BEGIN Records supplied

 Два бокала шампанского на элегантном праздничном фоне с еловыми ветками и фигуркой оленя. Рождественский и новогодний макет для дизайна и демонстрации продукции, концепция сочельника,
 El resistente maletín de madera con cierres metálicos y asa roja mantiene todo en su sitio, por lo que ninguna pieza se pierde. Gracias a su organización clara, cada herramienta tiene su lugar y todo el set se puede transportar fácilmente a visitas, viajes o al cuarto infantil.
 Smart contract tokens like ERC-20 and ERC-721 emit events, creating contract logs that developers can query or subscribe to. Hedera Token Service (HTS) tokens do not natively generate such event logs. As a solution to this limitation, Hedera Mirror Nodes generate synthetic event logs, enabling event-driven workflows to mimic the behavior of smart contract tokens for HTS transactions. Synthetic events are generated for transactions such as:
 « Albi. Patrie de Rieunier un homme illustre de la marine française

END Records supplied
BEGIN Records supplied

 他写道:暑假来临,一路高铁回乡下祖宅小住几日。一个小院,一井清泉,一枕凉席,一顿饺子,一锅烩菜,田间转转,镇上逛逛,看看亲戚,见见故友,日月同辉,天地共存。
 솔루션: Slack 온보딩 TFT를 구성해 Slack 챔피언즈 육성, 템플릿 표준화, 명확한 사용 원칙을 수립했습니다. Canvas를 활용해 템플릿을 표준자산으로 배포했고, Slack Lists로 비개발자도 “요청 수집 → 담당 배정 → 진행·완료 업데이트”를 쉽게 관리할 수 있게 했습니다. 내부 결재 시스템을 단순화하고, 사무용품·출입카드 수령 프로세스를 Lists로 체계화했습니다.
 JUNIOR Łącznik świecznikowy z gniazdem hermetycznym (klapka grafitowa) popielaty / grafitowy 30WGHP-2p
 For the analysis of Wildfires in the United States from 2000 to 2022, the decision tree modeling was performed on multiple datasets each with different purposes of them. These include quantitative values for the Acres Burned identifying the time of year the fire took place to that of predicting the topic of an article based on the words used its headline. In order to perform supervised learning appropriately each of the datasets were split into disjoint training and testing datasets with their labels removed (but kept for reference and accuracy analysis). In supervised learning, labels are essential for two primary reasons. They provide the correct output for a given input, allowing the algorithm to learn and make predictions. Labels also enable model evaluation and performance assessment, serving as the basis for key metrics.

END Records supplied

> Task to complete: From the listing, reproduce every line where the word "that" is present.

> Response to the exercise:
 Smart contract tokens like ERC-20 and ERC-721 emit events, creating contract logs that developers can query or subscribe to. Hedera Token Service (HTS) tokens do not natively generate such event logs. As a solution to this limitation, Hedera Mirror Nodes generate synthetic event logs, enabling event-driven workflows to mimic the behavior of smart contract tokens for HTS transactions. Synthetic events are generated for transactions such as:
 For the analysis of Wildfires in the United States from 2000 to 2022, the decision tree modeling was performed on multiple datasets each with different purposes of them. These include quantitative values for the Acres Burned identifying the time of year the fire took place to that of predicting the topic of an article based on the words used its headline. In order to perform supervised learning appropriately each of the datasets were split into disjoint training and testing datasets with their labels removed (but kept for reference and accuracy analysis). In supervised learning, labels are essential for two primary reasons. They provide the correct output for a given input, allowing the algorithm to learn and make predictions. Labels also enable model evaluation and performance assessment, serving as the basis for key metrics.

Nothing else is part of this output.